Dmitri Rozgonjuk
Lisanna Lehes
Marilin Moor
(Fjodor Ševtšenko) - contributed with some discussion
Each team (group of three) will work on a machine learning problem from end-to-end.
- Choose a dataset.
- SOLUTION: We chose the Water Quality Prediction dataset from kaggle.
- Build and train a baseline for comparison. To construct the baseline you do the following: Try a set of possible machine learning algorithms (13 algorithms) using their default hyperparameters and choose the one with the highest performance for comparison.
- SOLUTION: We have now computed baselines for 13 different classifiers with their default hyperparameters. We selected the five best models based on the model accuracy.
- Based on the problem at hand, study the potential pipeline structure, algorithms or feature transformers at each step, hyper-parameters ranges. Use
hyperOpt
with the potential search space to beat the baseline.- SOLUTION: We have defined a hyperparameter search space for the five best baseline classifiers. When running the HPO, the best results (i.e., accuracy) are presented alongside the time it took to reach this result as well as the hyperparameter set used for the best model.
- Monitor the performance of you the constructed pipeline from the previous step across different time budgets (number of iterations) and report the least time budget that you are able to outperform the baseline.

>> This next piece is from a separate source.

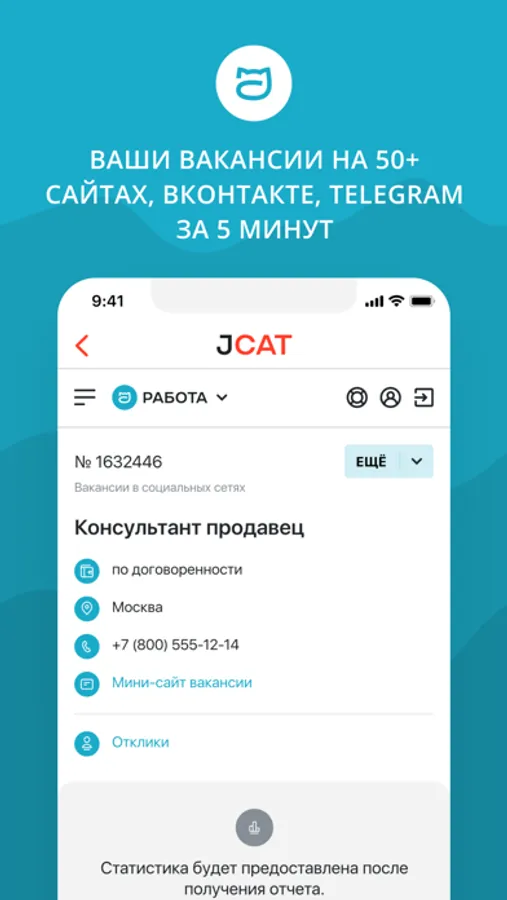 Размещайте вакансии, получайте отклики со всех сайтов и работайте с кандидатами прямо с телефона.

- SOLUTION: The performance of the constructed HPO pipeline is monitored over all trials and output is presented when either the model beats the baseline (in this case, accuracy and runtime are presented) or if the model has improved in comparison to previous iteration(s). Furthermore, we also display the relationship between hyperparameters and model performance (accuracy). Finally, in the model test stage, we present the model that beats the baseline AND has the lowest runtime until finding the best performance model.
- Determine whether the difference in performance between the constructed pipeline and the baseline is statistically significant.
- SOLUTION: Because the initial task wanted us to test the different between the baseline model and the model with HPO, we conducted a dependent-samples t-test. The reason for this is that when we are computing the accuracy scores for data splits, the data splits are the same for the both models.
- Project write-up and presentation
- SOLUTION: A cohesive notebook and slides for presentation are created and submitted.